Im schönen ägäischen Frühling des Jahres 1976, der sich – dem Frühjahr 2016 nicht unähnlich – auf hartnäckige Stürme und verrückte Temperatursprünge verlegte, hatte der Wiener Verleger Fritz Molden eine illustre Runde zu einer Kreuzfahrt eingeladen. Mit an Bord der Jacht: der Schriftsteller Humbert Fink, dessen Buch „Am Anfang war die Ägäis“ den mitreisenden Buchhändlern und Journalisten vorgestellt werden sollte, und der damalige Landesintendant des Kärntner ORF-Studios, Ernst Willner. Die beiden teilten sich eine Kabine. „In diesem beengten Nebeneinander überlegten wir in langen Gesprächen, was eigentlich zu tun wäre, damit eine literarische Veranstaltung im Stil der legendären Gruppe 47 in Österreich entstehen könnte“, notierte Humbert Fink (1933–1992) später.

Der Grundstein für den Ingeborg-Bachmann-Bewerb, der heuer im 90. Jahr der Namenspatronin vom 29. Juni bis 3. Juli in Klagenfurt stattfindet, wurde quasi in der Ägäis gelegt. Entsprechend schwankend bewegte sich der Literaturdampfer zunächst.

Im Spätherbst 1976 war Willner und Fink klar, dass die Mitarbeit wichtiger Kritiker und Autoren notwendig sein würde, damit der neue Preis in diesem nicht gerade als Literaturhotspot bekannten Winkel Österreichs nicht gleich an der Bedeutungslosigkeit der Beteiligten scheiterte. Als Marcel Reich-Ranicki die Bühne betrat, war diese Gefahr gebannt, allerdings warf der fanatische Literaturfreund und -kritiker die Vorstellungen, wie das Wettlesen ablaufen sollte, über den Haufen. Reich-Ranicki setzte durch, dass die eingeladenen Autoren nicht mitzudiskutieren hatten. Das war dann ab 1977 als „Preisgericht“ lange Zeit Praxis und somit völlig anders als bei den Schriftstellertreffen der Gruppe 47, wo die gegenseitige Kritik der vorgelesenen Texte gepflegt wurde.

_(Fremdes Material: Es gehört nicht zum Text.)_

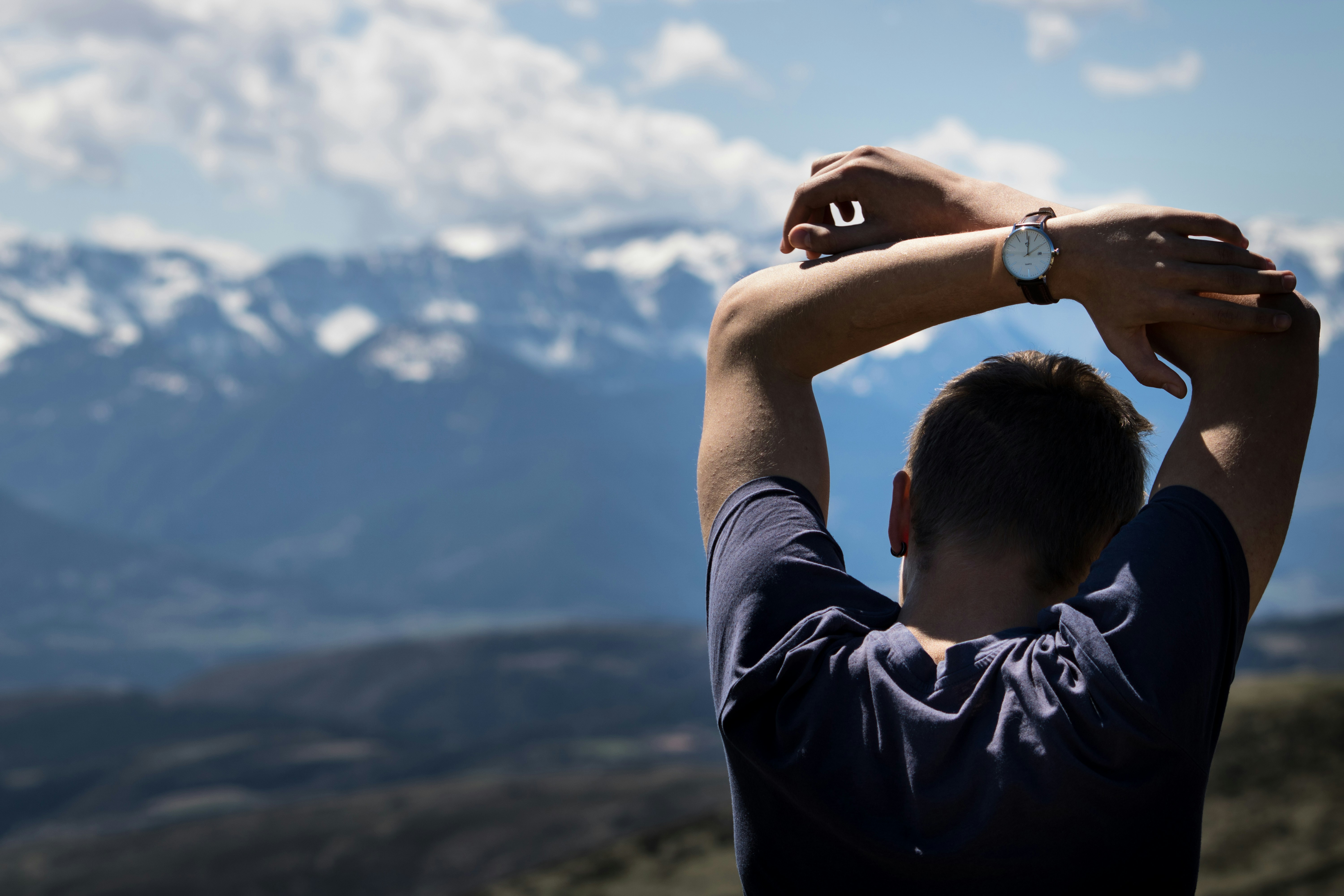 A person with a camera on the seaside wears a t-shirt that says "don't kill my vibe"
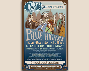 Circa Blue Fest, scheduled for May 6-8, 2016, will be hosted in cooperation with The Child Safe Center, an anti-child abuse organization who will benefit from the proceeds of the festival. The event will be held at Moose Acres, a 40 acre campground located in the eastern panhandle of West Virginia, a short distance from major population centers in Virginia, Maryland, Pennsylvania, and the District of Columbia.
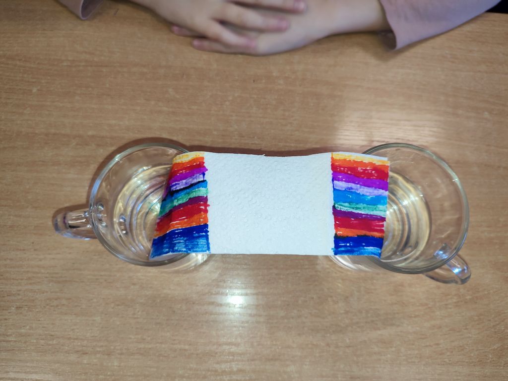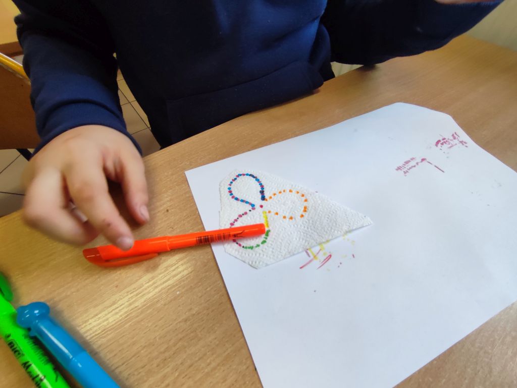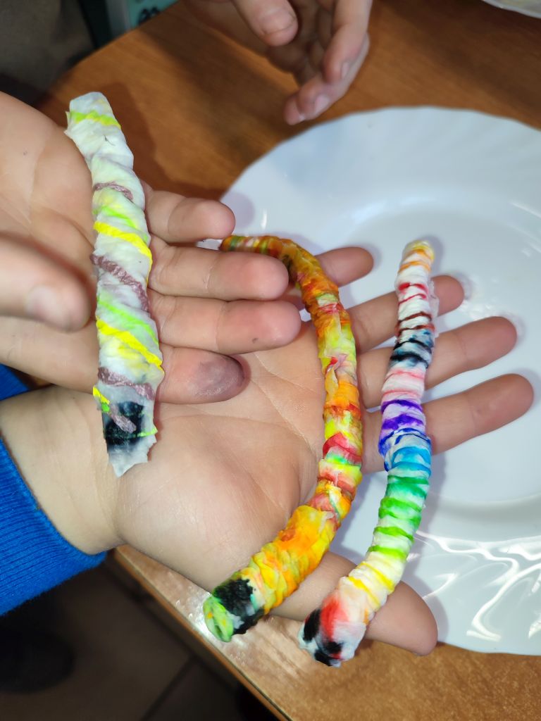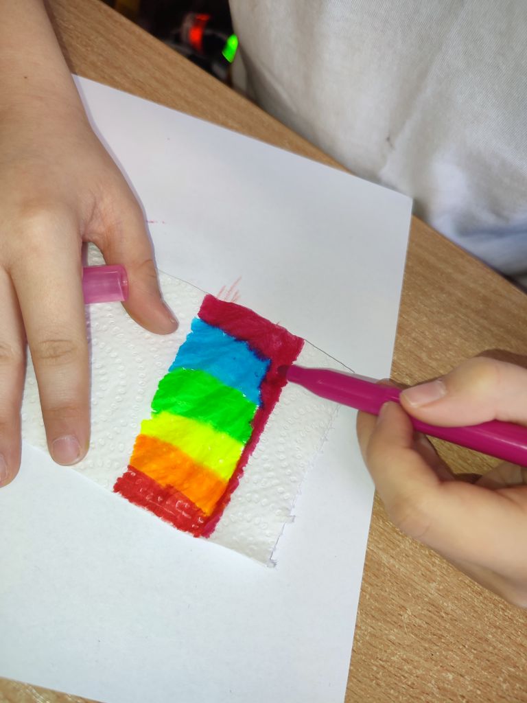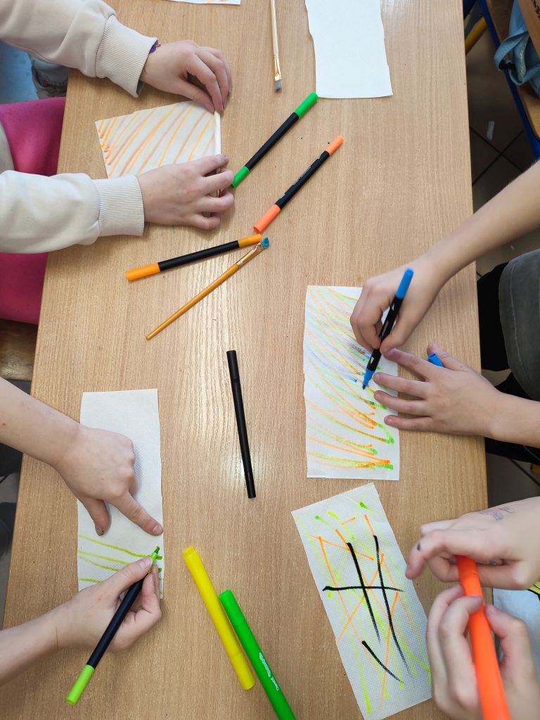 W zajęciach Gdy materia reaguje oraz Kolor w ruchu uczniowie odkrywali zależności między materiałem, wodą i ruchem, obserwowali dyfuzję i mieszanie barw oraz łączyli zjawiska fizyczne z ekspresją plastyczną. Dzięki temu rozwijali ciekawość poznawczą, umiejętność wyciągania wniosków, przewidywania efektów i formułowania prostych hipotez.
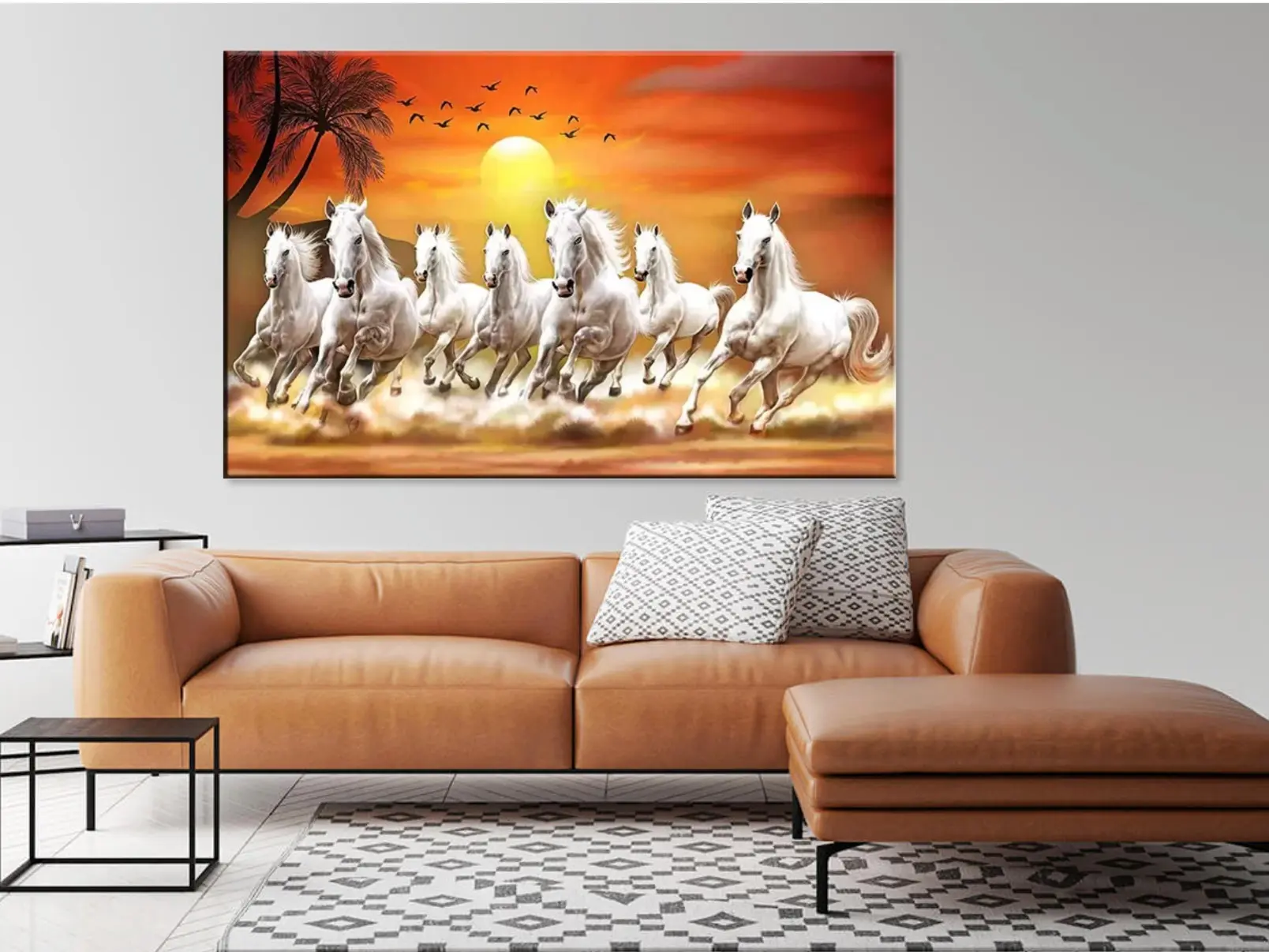 Bring home energy, success, and positivity with this stunning 7 running horses wall art, beautifully crafted on premium canvas. In Vastu, 7 horses represent growth, strength, and unstoppable progress—perfect for your home or office.
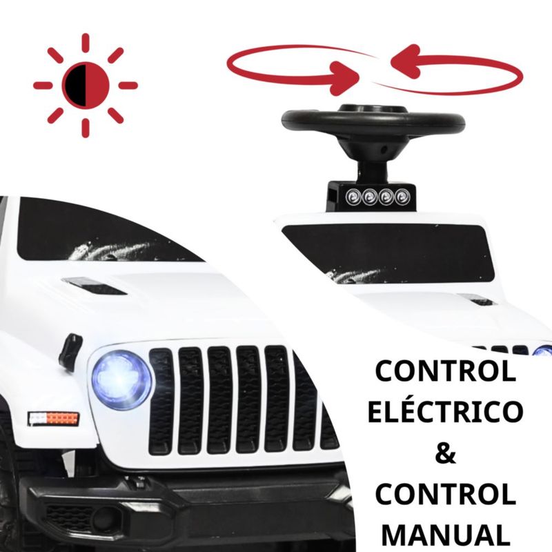 Montable Electrico para Niños Híbrido con Bastón y Pedal Acelerador Barras de Seguridad Luces Batería 6v - Blanco
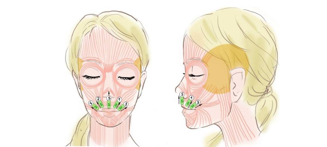 Тейпирование лица — схема подтяжки обвисших щек и сглаживание носогубки у женщин после 30 лет

Die Klagenfurter Jury tage „geheimbündlerisch“, hieß es. Die Grazer Autorenversammlung rief zum Boykott auf. In Zeitungsberichten über das erste Jahr, in dem der 31-jährige Gert Jonke als überaus präsentabler Bachmann-Preisträger gefeiert wurde, wird kritisiert, dass die Jury bei schwierigen Texten in der Spontankritik oft nicht über pure Geschmacksurteile hinauskam. Die „Frankfurter Allgemeine Zeitung“ bezeichnete die Jurymitglieder Hans Weigel und Friedrich Torberg gar als inkompetent. Letztlich überwog aber das Lob für den Lese-Marathon, dessen Ziel Marcel Reich-Ranicki formuliert hat: „Er will der Literatur eine Öffentlichkeit verschaffen. Und er will der Öffentlichkeit zur Literatur verhelfen.“

Seit 1989 werden die Lesungen um den Bachmann-Preis live von 3sat übertragen. Die Sitten sind längst nicht mehr so streng wie in den Anfangsjahren: Die Juroren kennen die Texte der Autoren bereits, müssen also keine Spontanurteile abgeben. Und die Autoren dürfen auch mitreden.